# Need prayers



## Ajay (Jan 9, 2018)

Hi Brothers,

I am very sad, this day is one of the most painful day in my life. My girlfriend who's is presently studying in a seminary breakup with me because of only KJV issue. The seminary presently she is going teaches about VPP. They are teaching that all other versions are corrupted and separate themselves to those who don't hold to their VPP position.

Recently I joined in a seminary who don't holds to VPP. Though the seminary uses KJV in teaching and in preaching. They don't hold to VPP.

The girl didn't like this, consider the seminary and me as a apostates and compromiser. Almost we planned for our wedding next year. The seminary that I am attending now are not teaching any heritical doctrines, I am with the churche associated to the seminary. I never seeing them teaching and preaching contrary to the reformed tradition.

Its really paining me, four years we are in a relationship, now, I took a decision to continue my studies here because, its my heart conviction to work as a missionary to North East part of India.

Is her decision is right? I am confused.


Sent from my SM-G950F using Tapatalk

Reactions: Praying 3


----------



## OPC'n (Jan 9, 2018)

Praying for peace and the healing of your heart and mind. God has the right woman in mind for you. Take courage.


----------



## JimmyH (Jan 9, 2018)

Proverbs 21:19 It is better to live in a desert land Than with a contentious and vexing woman.
I'll pray for you both that the leading of the Spirit will guide you, and her, in this situation.

Reactions: Like 1


----------



## GulfCoast Presbyterian (Jan 9, 2018)

Ajay: I am praying for both of you.


----------



## Cymro (Jan 9, 2018)

Ajay, yours is emotionally a painful experience, but receive it as a trial of your faith. On another thread I stated that we do well to judge by the ear rather than the eye. And if this girl has said that the KJV is her reason for ending the relationship, then with Paul you can say, “I was delivered from the mouth of the lion,” or with David, “from the paw of the bear.” The Lord will order your steps for any future relationship, trust Him.

Reactions: Like 3


----------



## Ryan&Amber2013 (Jan 9, 2018)

Brother, that is so sad to read.
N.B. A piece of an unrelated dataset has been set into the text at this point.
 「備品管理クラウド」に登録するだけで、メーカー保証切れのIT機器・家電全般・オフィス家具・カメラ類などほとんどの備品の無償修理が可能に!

I feel so bad for you.

Sadly she has a bad error in her thinking and it has affected your relationship. I know she is not your wife yet, but if marriage was in the near future it seems that she could have started practicing submission to your leadership and influence, especially in this area. I don't know the details, but maybe you're being saved from a marriage that could have been very troubling.

But then again, maybe this will all work out and you'll be together again. 

I will pray now.


----------



## AnnaBanana (Jan 9, 2018)

I'm sorry for your situation, Ajay. Four years is a long time to be with someone. As the others have said, I will pray for you and I will also be praying for your girlfriend and her heart. A breakup is painful (not the most tragic thing in the world) but it does definitely leave a sting. I would encourage you to just pour your heart out to Lord and trust that He is in control, not us. Whether you end up with her or not, the Lord never forsakes us or leaves us abandoned.


----------



## Ask Mr. Religion (Jan 9, 2018)

That she considers you apostate, therefore someone to be unequally yoked if marriage was in the cards, settles the matter. Whether she is wrong or right, is not the issue here. The issue is that she has followed her conscience and that is the end of that for you.
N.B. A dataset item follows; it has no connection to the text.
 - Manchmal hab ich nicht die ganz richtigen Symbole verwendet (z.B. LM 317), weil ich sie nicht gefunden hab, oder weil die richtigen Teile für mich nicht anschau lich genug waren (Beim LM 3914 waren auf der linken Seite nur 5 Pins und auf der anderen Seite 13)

As others have intimated, you are probably _dodging a bullet_ here and should welcome the hard providence of God in the situation. Be thankful and rejoice.

While I have great affinity for the KJV, that I would presume that others who do not are therefore consigned to eternal perdition, would evidence some serious mental defectiveness on my part. So rather than being sad, rejoice that the God of all creation has revealed to you a path you need no longer tread upon. Let it be your prayer that it be the will of God to enlighten this woman in the fullness of time.

Continue your walk of faith and studies, leaving the matter in the hands of God.

Reactions: Like 1


----------



## Edward (Jan 9, 2018)

While it doesn't lessen the pain you feel now, a broken engagement can turn out to be a great blessing. 

One day you may realize that you owe her a "Thank You" card.


----------



## timfost (Jan 10, 2018)

Psalm 119:75-77:

"I know, O Lord, that Your judgments are right, and that in faithfulness You have afflicted me. Let, I pray, Your merciful kindness be for my comfort, according to Your word to Your servant. Let Your tender mercies come to me, that I may live; for Your law is my delight."


----------



## Ajay (Jan 12, 2018)

Many thanks for the prayers. God is comforting me through his word and through his children's. Yes, it really hurts me but I will silently accept God's sovereignty over my life and submit to his will. 

Sent from my SM-G950F using Tapatalk


----------